_WORK INSTRUCTION_: Word for word, restate the records that follow.

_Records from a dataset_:
========
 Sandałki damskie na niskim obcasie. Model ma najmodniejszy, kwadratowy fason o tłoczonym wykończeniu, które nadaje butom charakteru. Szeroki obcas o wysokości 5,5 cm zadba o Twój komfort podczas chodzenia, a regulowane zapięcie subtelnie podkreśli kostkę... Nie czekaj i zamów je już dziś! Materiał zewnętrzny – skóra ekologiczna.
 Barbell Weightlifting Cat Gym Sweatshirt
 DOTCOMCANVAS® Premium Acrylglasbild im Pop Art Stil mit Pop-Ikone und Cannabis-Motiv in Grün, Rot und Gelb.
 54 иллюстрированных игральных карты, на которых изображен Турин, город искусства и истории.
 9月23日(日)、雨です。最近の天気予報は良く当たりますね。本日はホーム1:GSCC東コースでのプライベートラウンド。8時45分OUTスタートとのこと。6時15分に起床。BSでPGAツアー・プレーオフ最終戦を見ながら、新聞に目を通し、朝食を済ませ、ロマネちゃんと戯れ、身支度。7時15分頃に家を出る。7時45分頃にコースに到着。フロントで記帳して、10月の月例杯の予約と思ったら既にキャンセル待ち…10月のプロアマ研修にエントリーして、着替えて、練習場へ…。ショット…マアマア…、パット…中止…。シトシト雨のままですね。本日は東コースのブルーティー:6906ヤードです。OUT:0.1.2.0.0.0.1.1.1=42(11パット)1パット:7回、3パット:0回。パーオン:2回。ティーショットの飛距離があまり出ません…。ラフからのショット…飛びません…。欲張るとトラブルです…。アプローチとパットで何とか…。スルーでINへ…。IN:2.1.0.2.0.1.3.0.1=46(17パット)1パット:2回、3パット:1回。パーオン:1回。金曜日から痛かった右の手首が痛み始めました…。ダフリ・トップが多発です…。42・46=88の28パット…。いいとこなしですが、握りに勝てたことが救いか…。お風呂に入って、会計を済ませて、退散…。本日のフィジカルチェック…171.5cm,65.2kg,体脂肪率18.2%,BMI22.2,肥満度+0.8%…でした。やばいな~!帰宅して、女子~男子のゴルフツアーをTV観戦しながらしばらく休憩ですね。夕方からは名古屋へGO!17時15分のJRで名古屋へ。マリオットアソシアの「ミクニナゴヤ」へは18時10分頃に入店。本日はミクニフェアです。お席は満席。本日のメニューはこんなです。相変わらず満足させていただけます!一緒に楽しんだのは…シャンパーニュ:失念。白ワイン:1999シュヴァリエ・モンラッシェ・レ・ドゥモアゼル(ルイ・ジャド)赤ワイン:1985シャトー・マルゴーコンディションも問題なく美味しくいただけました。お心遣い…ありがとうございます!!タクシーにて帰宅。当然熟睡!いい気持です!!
========
_RESPONSE TO THIS TASK_:
 Sandałki damskie na niskim obcasie. Model ma najmodniejszy, kwadratowy fason o tłoczonym wykończeniu, które nadaje butom charakteru. Szeroki obcas o wysokości 5,5 cm zadba o Twój komfort podczas chodzenia, a regulowane zapięcie subtelnie podkreśli kostkę... Nie czekaj i zamów je już dziś! Materiał zewnętrzny – skóra ekologiczna.
 Barbell Weightlifting Cat Gym Sweatshirt
 DOTCOMCANVAS® Premium Acrylglasbild im Pop Art Stil mit Pop-Ikone und Cannabis-Motiv in Grün, Rot und Gelb.
 54 иллюстрированных игральных карты, на которых изображен Турин, город искусства и истории.
 9月23日(日)、雨です。最近の天気予報は良く当たりますね。本日はホーム1:GSCC東コースでのプライベートラウンド。8時45分OUTスタートとのこと。6時15分に起床。BSでPGAツアー・プレーオフ最終戦を見ながら、新聞に目を通し、朝食を済ませ、ロマネちゃんと戯れ、身支度。7時15分頃に家を出る。7時45分頃にコースに到着。フロントで記帳して、10月の月例杯の予約と思ったら既にキャンセル待ち…10月のプロアマ研修にエントリーして、着替えて、練習場へ…。ショット…マアマア…、パット…中止…。シトシト雨のままですね。本日は東コースのブルーティー:6906ヤードです。OUT:0.1.2.0.0.0.1.1.1=42(11パット)1パット:7回、3パット:0回。パーオン:2回。ティーショットの飛距離があまり出ません…。ラフからのショット…飛びません…。欲張るとトラブルです…。アプローチとパットで何とか…。スルーでINへ…。IN:2.1.0.2.0.1.3.0.1=46(17パット)1パット:2回、3パット:1回。パーオン:1回。金曜日から痛かった右の手首が痛み始めました…。ダフリ・トップが多発です…。42・46=88の28パット…。いいとこなしですが、握りに勝てたことが救いか…。お風呂に入って、会計を済ませて、退散…。本日のフィジカルチェック…171.5cm,65.2kg,体脂肪率18.2%,BMI22.2,肥満度+0.8%…でした。やばいな~!帰宅して、女子~男子のゴルフツアーをTV観戦しながらしばらく休憩ですね。夕方からは名古屋へGO!17時15分のJRで名古屋へ。マリオットアソシアの「ミクニナゴヤ」へは18時10分頃に入店。本日はミクニフェアです。お席は満席。本日のメニューはこんなです。相変わらず満足させていただけます!一緒に楽しんだのは…シャンパーニュ:失念。白ワイン:1999シュヴァリエ・モンラッシェ・レ・ドゥモアゼル(ルイ・ジャド)赤ワイン:1985シャトー・マルゴーコンディションも問題なく美味しくいただけました。お心遣い…ありがとうございます!!タクシーにて帰宅。当然熟睡!いい気持です!!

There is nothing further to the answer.